Perubahan fisik tentunya terjadi setelah tsunami dan gempa bumi melanda Nias dengan banyaknya bangunan yang hancur karena bencana. Perubahan social budaya yang terjadi akibat tsunami dan gempa bumi di Nias cukup terlihat. Apabila menggunakan variable metodologi yang digunakan dalam melihat perubahan, perubahan yang terjadi di Nias merupakan perubahan yang berdasarkan waktu yang masuk dalam waktu ekologi atau ecological time, perubahan yang terjadi pada alam. Waktu menentukan perubahan alam yang terjadi. Sangat terlihat adanya perbedaan dan perubahan ekologi yang terjadi di Nias yang dapat dilihat pada saat sebelum tsunami dan sesudah tsunami terjadi. Setelah terjadinya tsunami, wilayah Nias mulai terkikis dan wilayahnya mengecil, perubahan struktur tanah yang mengubah posisi lahan sawah dan sebagainya. Perubahan lainnya terlihat dalam perubahan infrastruktur karena secara umum, infrastruktur di kepulauan Nias menjadi sorotan utama dalam proses perbaikan. Untuk membantu pelaksanaan proyek, banyaknya perubahan dan perbaikan sarana infrastruktur seperti jalan raya, sarana air bersih, sekolah, jembatan, telekomunikasi, dan lainnya. Perbaikan infrastruktur merupakan proyek-proyek yang berasal dari luar Nias, ada LSM dalam negri maupun luar negri, perusahaan dan sebagainya yang ingin membangun infrastruktur yang ada di Nias. Pembangunan kembali infrastruktur ini merupakan perubahan yang besar bagi masyarakat Nias karena adanya bentuk infrastruktur yang baru yang ada dalam lingkungan mereka dan juga proyek yang berasal dari luar yang merubah bentuk lama yang hancur. Perubahan ini berasal dari luar dengan ide-ide yang juga berasal dari luar.

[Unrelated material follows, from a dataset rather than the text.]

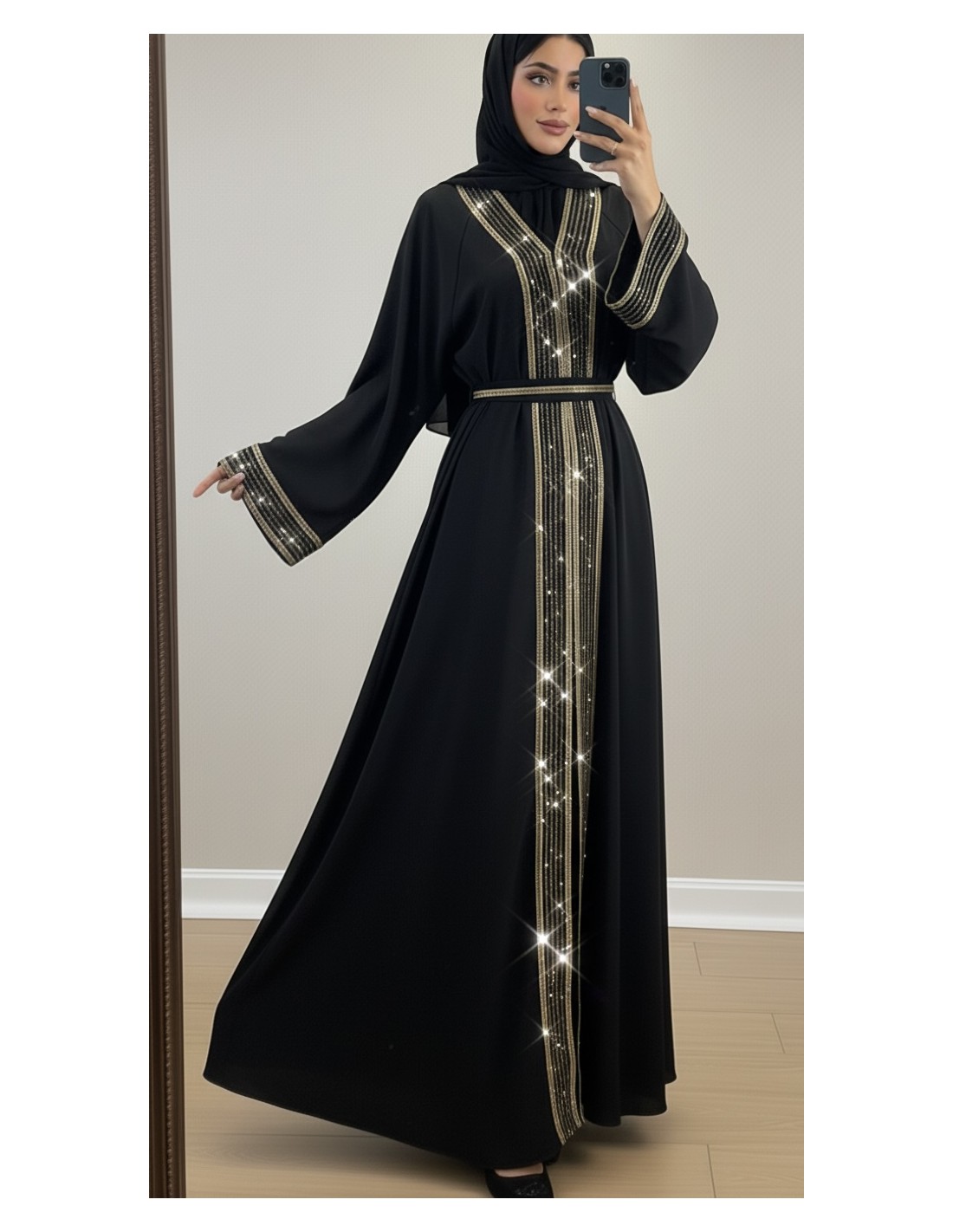 Abaya abaya Dubai noire or – Robe émirats élégante et moderne

Perubahan ini dapat dikategorikan kedalam perubahan eksternal-internal dimana adanya agen-agen dari luar yang merubah suatu masyarakat dan diterima oleh masyarakat tersebut. Hal inilah yang terjadi di Nias dimana adanya pihak-pihak yang ingin membangun infrastruktur baru setelah bencana alam terjadi dan hal ini juga dikehendaki oleh masyarakat Nias karena pembangunan memang dibutuhkan pasca tsunami. Perubahan lainnya yang juga berasal dari luar terlihat dalam perubahan ekonomi. Banyak yang mendadak kaya secara materi karena berbagai peluang yang bisa didapat, seperti lapangan pekerjaan dengan gaji di atas rata-rata, lapangan usaha baru karena pelaku ekonomi sebelumnya tidak aktif lagi, aksi pendirian berbagai yayasan atau LSM,

dan sebagainya. Perubahan ekonomi ini berasal dari luar karena banyaknya yayasan atau LSM yang membuka lapangan kerja bagi masyarakat. Hal ini juga merupakan perubahan eksternal-internal yang berasal dari luar dan dapat diterima oleh masyarakat setempat. Perubahan yang terjadi merupakan dampak dari bencana alam yang terjadi. Bencana alam yang melanda Nias membawa banyak sekali perubahan, tidak hanya perubahan dalam infrastruktur dan ekonomi tetapi juga adanya perubahan perilaku dari masyarakatnya. Perubahan yang terjadi terlihat dari masyarakat yang berubah menjadi materialistis dan juga masyarakat berubah menjadi agresif. Masyarakat berubah menjadi materialistis karena adanya desakan untuk mendapatkan uang agar dapat bertahan hidup. Barang-barang yang tidak berguna seperti rongsokan besi, mulai digunakan dan dijual. Segala hal yang dapat diuangkan mulai digunakan. Semua kesempatan yang ada digunakan oleh mereka untuk mendapatkan uang dan melakukan bisnis. Dampak lain yang terjadi pada masyarakat adalah tingkat agresivitas masyarakat yang sedikit demi sedikit mulai meningkat, yang disebabkan oleh stress akibat dari bencana alam yang terjadi, seperti menciptakan suara bising dan memicu hiruk pikuk. Suara kendaraan dan debu/asal knalpot mendorong penduduk setempat menikmati musik lebih keras lagi, dimana suara tape recorder dari setiap rumah aktif mulai pkl. 08.00 hingga pkl. 19.00. perubahan perilaku yang membuat agresivitas meningkat ini akibat stress masyarakat yang disebabkan oleh dampak dari bencana alam

DAFTAR PUSTAKA

Bee, Robert L. Pattern and Prosess. The free press 2001

Mulyana, Deddy dan Jalaludin Rahmat. Komunikasi Antar Budaya. Bandung:PT.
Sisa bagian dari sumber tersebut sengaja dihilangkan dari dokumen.